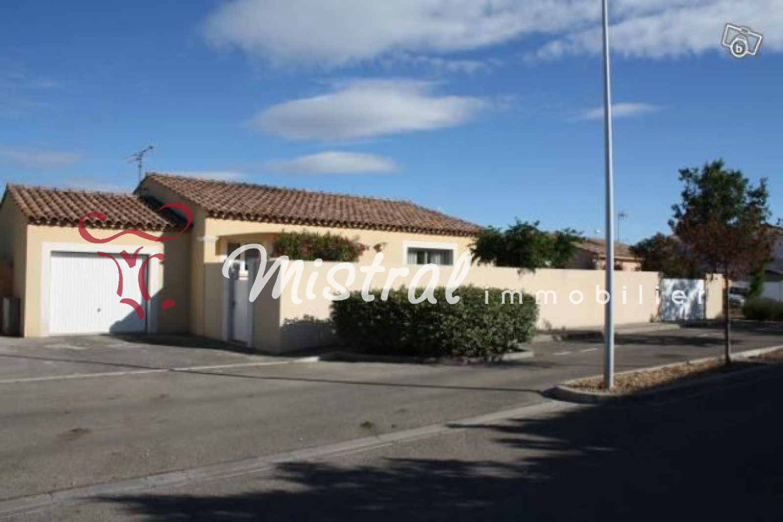 ***VENDU MISTRAL *** Villa récente de plain pied, non mitoyenne disposant d'un bel intérieur lumineux, belle pièce à vivre avec cuisine ouverte donnant sur une terrasse couverte, 3 chambres avec placards, salle de bains/douche, grand garage carrelé. Le tout sur 412 m² de terrain piscinable, quartier du collège. Excellent état.
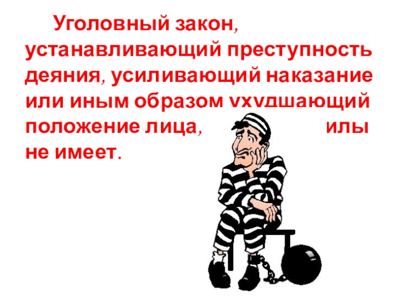 Слайд 14 Уголовный закон, устанавливающий преступность деяния, усиливающий наказание или
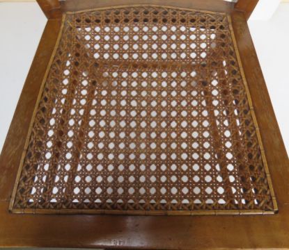 A single cane seated bedroom chair having carved back.
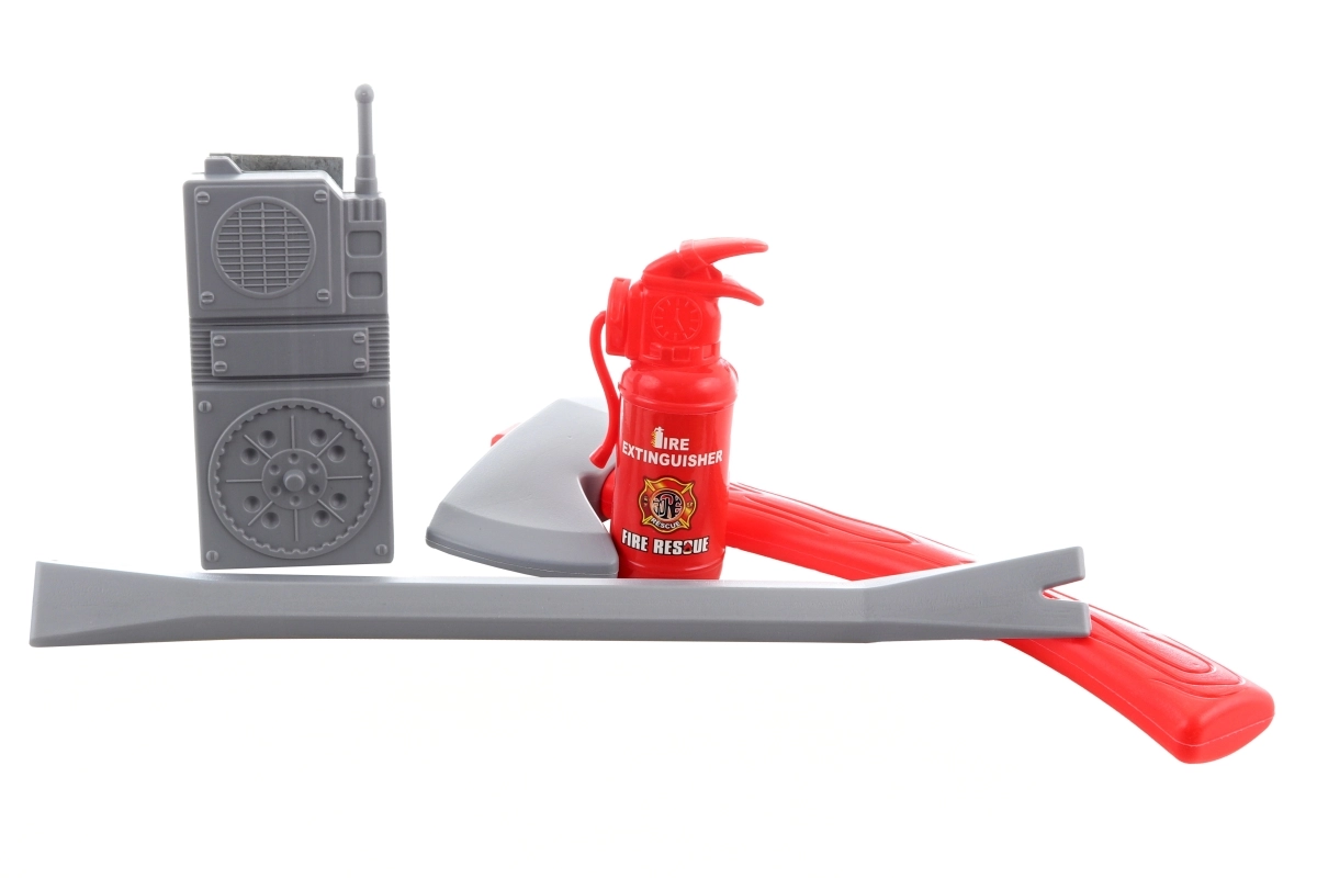 Set para pequeños bomberos que incluye todo lo necesario para jugar a ser rescatistas. Chaleco de bombero, walkie-talkie, hacha, pata de cabra y extintor garantizan horas de diversión para cada pequeño valiente.
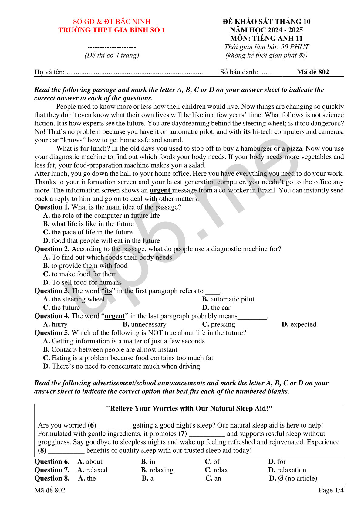 | Họ và tên: ............................................................................ | Số báo danh: ....... | Mã đề 802 |
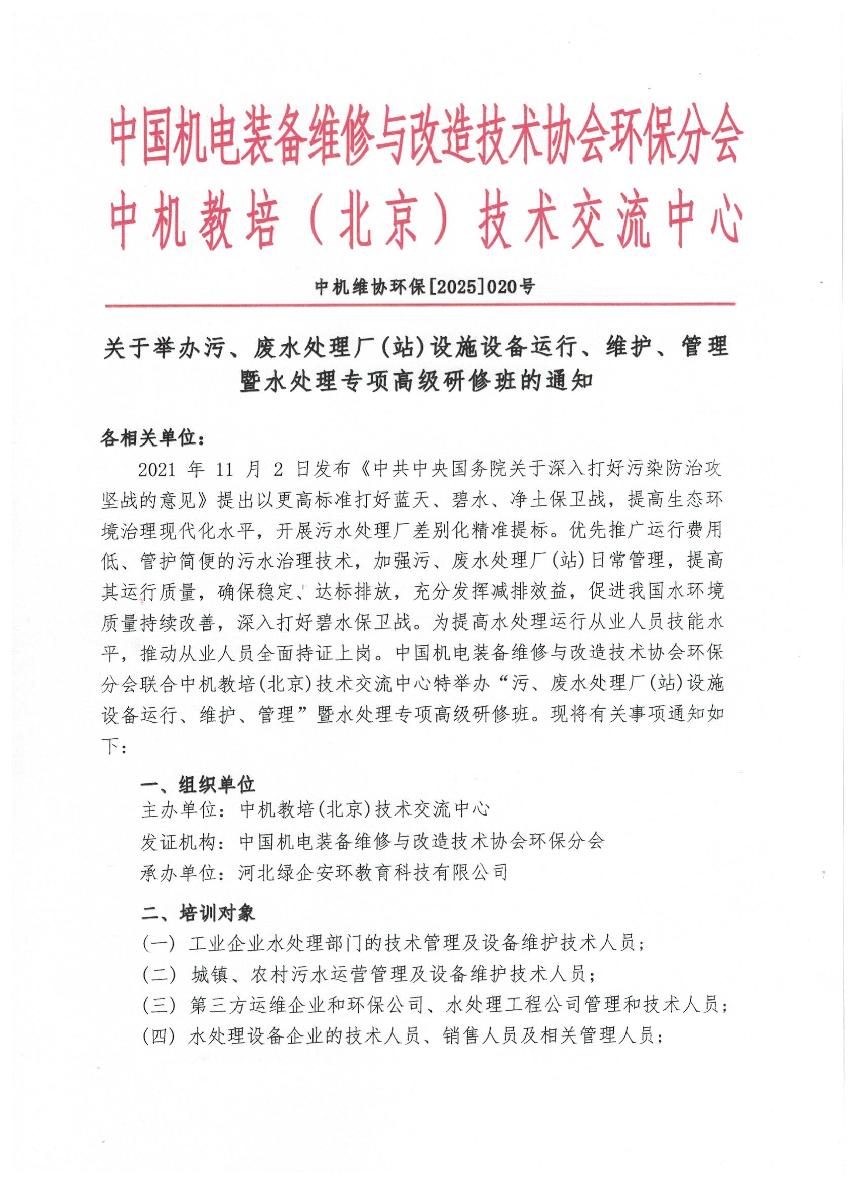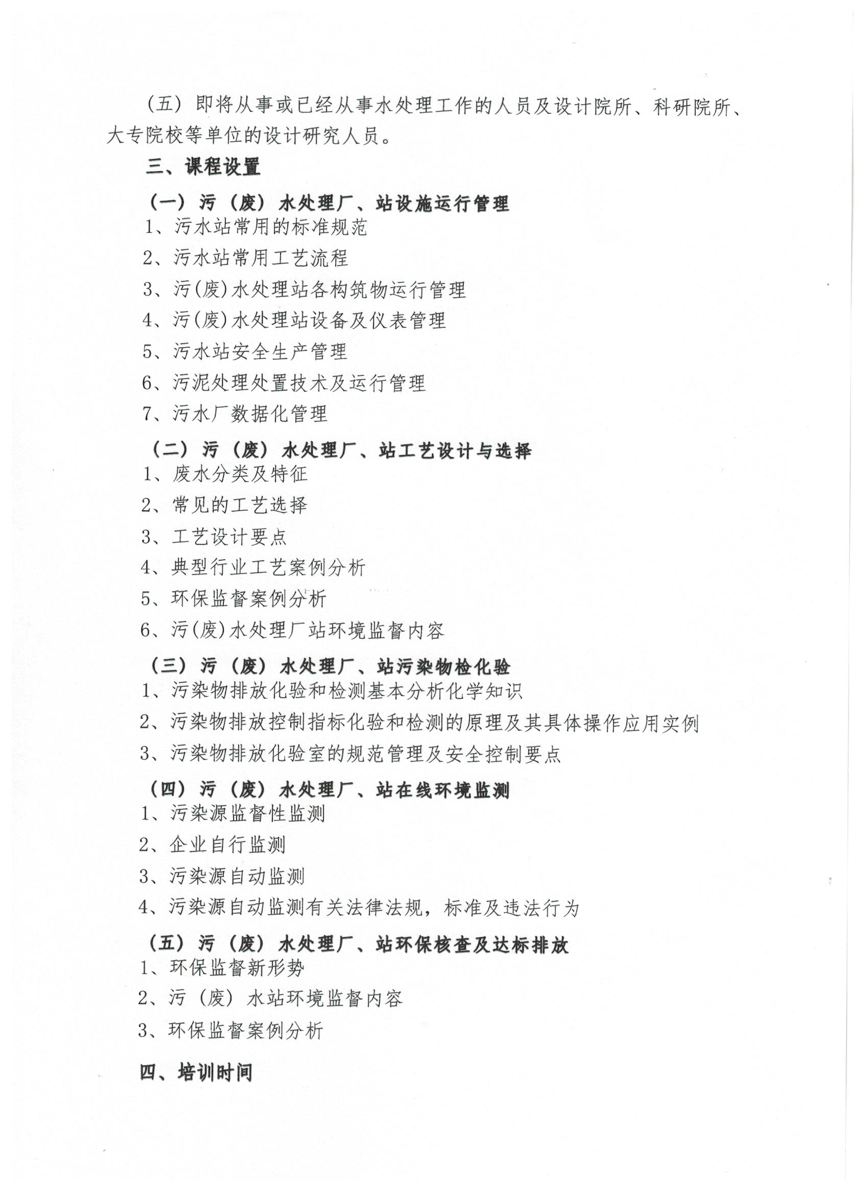 关于举办污、废水处理厂(站)设施设备运行、维护、管理暨水处理专项高级研修班的通知
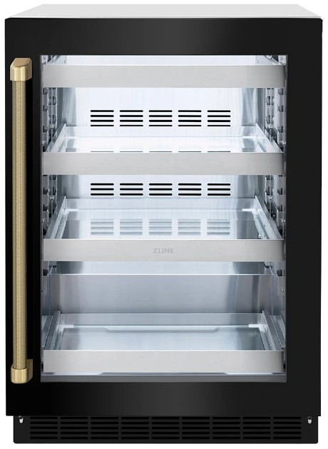 The ZLINE Autograph Edition 24 in. Touchstone 151 Can Beverage Fridge with Black Stainless Steel Glass Door and Polished Gold Helix Handle (RBSOZ-BS-24-KG) features an outdoor-compatible cooling system and an integrated black stainless steel glass door, giving you ultimate flexibility to host parties of any size.Read More
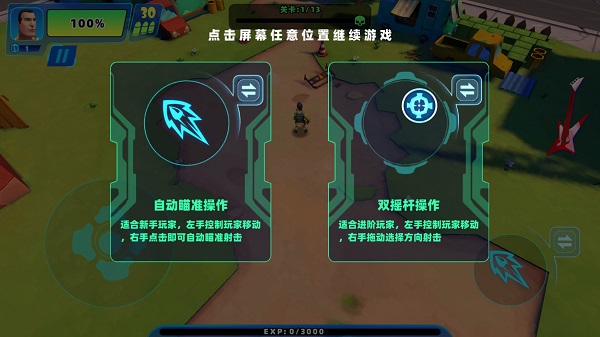 在这里你需要保持移动坚持生存下去,坚持的越久获得奖励越丰富。但首先你要选择最喜欢的操作方式。
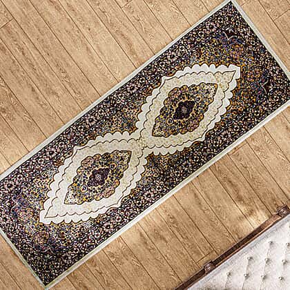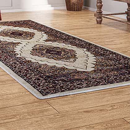 Luxurious Pile Runner with Kashmiri Print (180x66 cm) - Brown - Multi
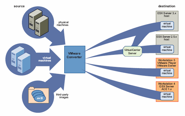 Il software permette non solo di trasformare macchine virtuali fatte con varie versioni di Vmware (Workstation, Esx Server, Gsx Server, Server 1.0.x, Virtual Center 2.x), ma anche di importare virtual machine di Virtual PC (dalla 7 in poi) e di Microsoft Virtual Server.
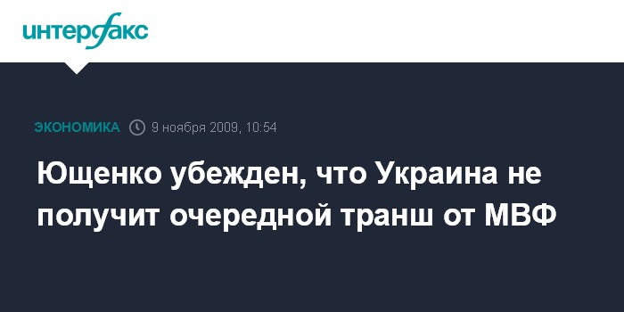 Москва. 9 ноября. INTERFAX.RU – Президент Украины Виктор Ющенко убежден, что Украина не получит очередной транш кредита от МВФ.
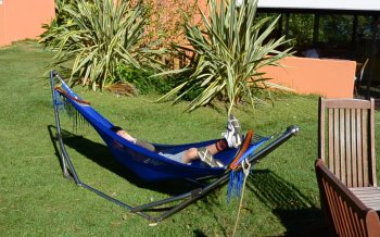 日差しは強いですが気持ちいい。ハンモックは全て満員でした
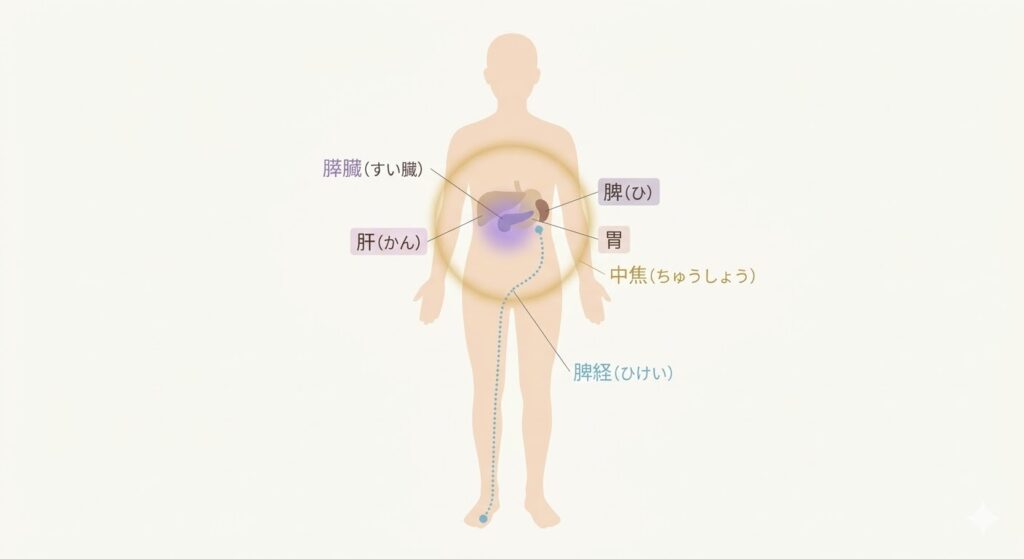 脾・胃・肝胆が位置するエリアを「中焦(ちゅうしょう)」と呼び、ここは気血の変換と流通の中心地です。この中焦のエネルギーが滞ると、身体レベルでは消化不良・血糖不安定・倦怠感が現れ、感情レベルでは「考えすぎ・グルグル思考・心配の多さ」として現れてきます。
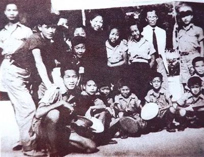 1938年9月,邓颖超(后排右五)看望“厦儿团”,后排右二为林环岛。

--

* WORK REQUEST: Please quote the records above exactly, beginning at the line that contains "日差しは強いですが気持ちいい。ハンモックは全て満員でした" and ending at their last line. Leave the pictures out.

* ANSWER SECTION:
 日差しは強いですが気持ちいい。ハンモックは全て満員でした
 脾・胃・肝胆が位置するエリアを「中焦(ちゅうしょう)」と呼び、ここは気血の変換と流通の中心地です。この中焦のエネルギーが滞ると、身体レベルでは消化不良・血糖不安定・倦怠感が現れ、感情レベルでは「考えすぎ・グルグル思考・心配の多さ」として現れてきます。
 1938年9月,邓颖超(后排右五)看望“厦儿团”,后排右二为林环岛。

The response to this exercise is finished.